Francesca Paci, La stampa 7/8/2009, 7 agosto 2009
SVOLTA MURDOCH, FINE DI INTERNET GRATIS
Tre mesi fa aveva lanciato la provocazione, tanto per vedere come avrebbero reagito i concorrenti all’ipotesi che il re dei media sfidasse il web sul più aperto dei campi, l’accesso gratuito alle informazioni. Ora, di fronte ai bilanci in rosso della sua News Corporation, Rupert Murdoch mostra i muscoli. «Il giornalismo di qualità non può essere a buon mercato» ha dichiarato mercoledì ai soci riuniti per discutere i 3,4 miliardi di dollari (2,3 miliardi di euro) bruciati nell’ultimo anno. Significa una massiccia cura ricostituente a spese dei navigatori: a partire da giugno 2010 bisognerà pagare una quota per consultare The Times, The Sun, News of the World e gli altri siti giornalistici del gruppo australiano.
Le analisi di marketing consigliano cautela, il pubblico della rete ignora il concetto di scambio monetario. Ma il settantottenne magnate delle comunicazioni sembra deciso: «Possiamo ottenere guadagni notevoli dalla vendita di contenuti.

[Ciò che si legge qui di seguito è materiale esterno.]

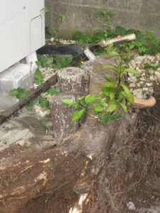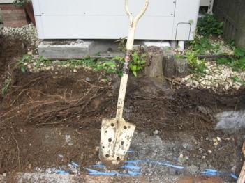 実は、玄関左の、エコキュートを設置した地面には、いつの間にか木が何本か生えていて、小さいうちに何とかしなかったものだから、電線を干渉するくらいにもなり・・・、何回か枝を伐採するも手に負えなかったので、先のリフォームで根から撤去していただくことにしていました。

Quando pubblichiamo uno scoop su qualche celebrità, per esempio, il numero di contatti è astronomico». Un team di specialisti che comprende suo figlio James e l’amministratore delegato di Down Jones Les Hinton sarebbe già a lavoro per definire la strategia capace di arginare le perdite senza cedere lettori agli irriducibili del gratuito.
Stretto tra il collasso della pubblicità e l’epilogo della carta stampata, Murdoch morde il freno. Finora solo il Wall Street Journal aveva introdotto il pagamento delle notizie online, sondando le possibilità digitali dell’impero mediatico esteso da Sydney a Londra. Il futuro è oggi. «Penso a quest’anno fiscale» ha detto il patron di News Corporation a chi domandava il calendario della rivoluzione. I suoi giornali britannici, un tempo campioni d’incasso, registrano un calo della pubblicità del 14%. Neppure il 4% extra di Fox News compensa la débâcle dei quotidiani passati da 786 milioni di dollari d’incasso (547 milioni di euro) a 466.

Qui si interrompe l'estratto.